• **Exercise brief**:
Extract verbatim every line from the one containing "Ein Line-Isolator kann" to the final line of the records below, inclusive, and exclude all pictures.

Source records
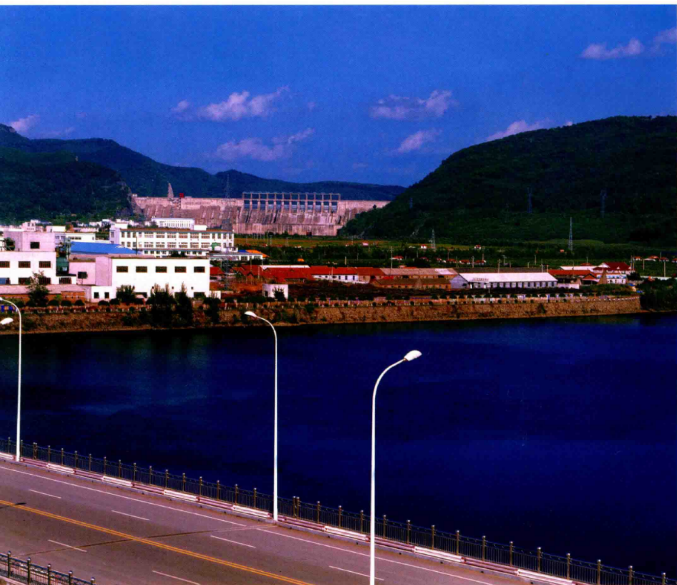
■ 北江生态产业园区
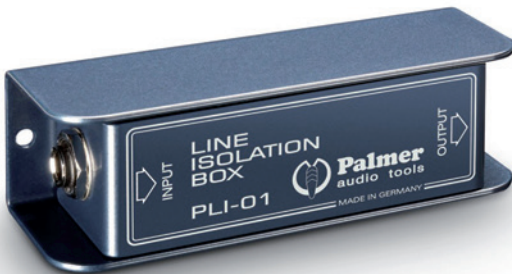
Ein Line-Isolator kann vor Brummschleifen in unsymmetrischen Verbindungen schützen

Steckverbindern einen hohen Leiterquerschnitt. Als Steckverbinder werden meist 6,3 mm Mono-Klinkenstecker oder Neutrik Speakon-Stecker verwendet. Aber Vorsicht: Auch wenn unsymmetrische Instrumentenkabel manchmal äußerlich sehr ähnlich aussehen, so sollten sie doch niemals als Lautsprecherkabel verwendet werden. Wenn äußerlich – etwa durch den Kabel-Aufdruck – nicht zu erkennen ist, ob es sich um ein Lautsprecherkabel oder ein Instrumentenkabel handelt, einfach den Mono-Klinkenstecker öffnen und das Kabel prüfen: Hat das Kabel eine Abschirmung und einen Leiter in der Mitte, dann ist es ein Instrumentenkabel. Entdeckt man im Stecker keine Abschirmung, sondern nur zwei einzeln isolierte, gut dimensionierte Signalleiter (meist grau und weiß isoliert), dann ist es ein Lautsprecherkabel.
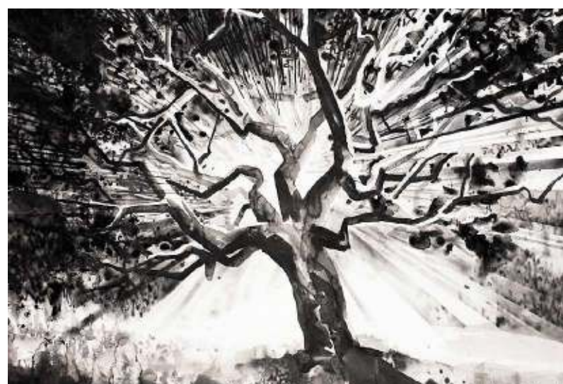
Nik Christensen, 'Sleep Patterns', 2011. Sumi-inkt op papier
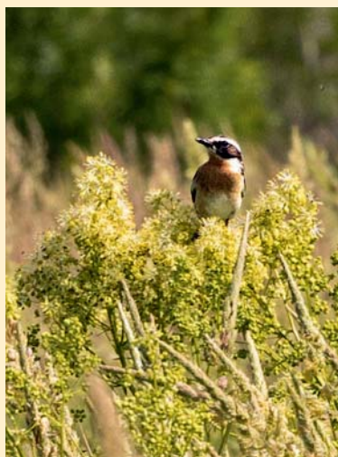
Un tarier des prés dans les prairies.

Grâce à cette coupe, l'écorce se creuse par endroits pour former une cavité. Les champignons s'y développent et attirent larves, insectes, chauves-souris et oiseaux nicheurs. "La mise en têtard des frênes est une pratique ancienne reconnue au titre de Natura 2000 car ils servent de gîtes pour
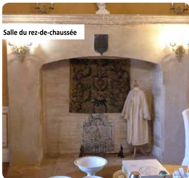
Salle du rez-de-chaussée
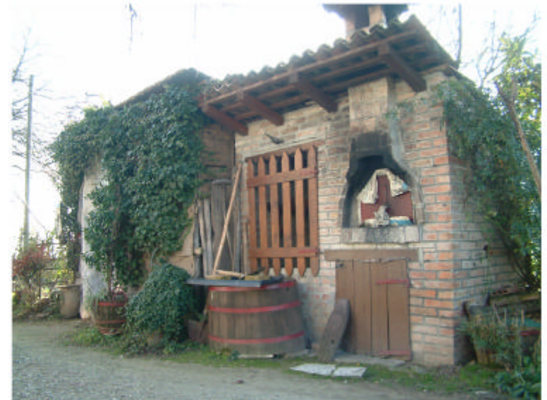
4. Edificio 2. Fronte nord
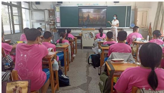
說明：京劇課程影片賞析
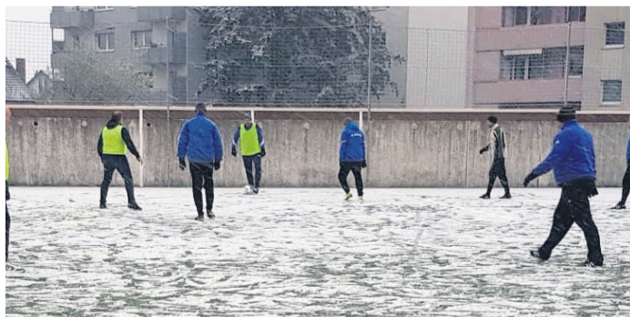
Walking Football beim SVM.

• **Result of the task**:
Ein Line-Isolator kann vor Brummschleifen in unsymmetrischen Verbindungen schützen

Steckverbindern einen hohen Leiterquerschnitt. Als Steckverbinder werden meist 6,3 mm Mono-Klinkenstecker oder Neutrik Speakon-Stecker verwendet. Aber Vorsicht: Auch wenn unsymmetrische Instrumentenkabel manchmal äußerlich sehr ähnlich aussehen, so sollten sie doch niemals als Lautsprecherkabel verwendet werden. Wenn äußerlich – etwa durch den Kabel-Aufdruck – nicht zu erkennen ist, ob es sich um ein Lautsprecherkabel oder ein Instrumentenkabel handelt, einfach den Mono-Klinkenstecker öffnen und das Kabel prüfen: Hat das Kabel eine Abschirmung und einen Leiter in der Mitte, dann ist es ein Instrumentenkabel. Entdeckt man im Stecker keine Abschirmung, sondern nur zwei einzeln isolierte, gut dimensionierte Signalleiter (meist grau und weiß isoliert), dann ist es ein Lautsprecherkabel.
Nik Christensen, 'Sleep Patterns', 2011. Sumi-inkt op papier
Un tarier des prés dans les prairies.

Grâce à cette coupe, l'écorce se creuse par endroits pour former une cavité. Les champignons s'y développent et attirent larves, insectes, chauves-souris et oiseaux nicheurs. "La mise en têtard des frênes est une pratique ancienne reconnue au titre de Natura 2000 car ils servent de gîtes pour
Salle du rez-de-chaussée
4. Edificio 2. Fronte nord
說明：京劇課程影片賞析
Walking Football beim SVM.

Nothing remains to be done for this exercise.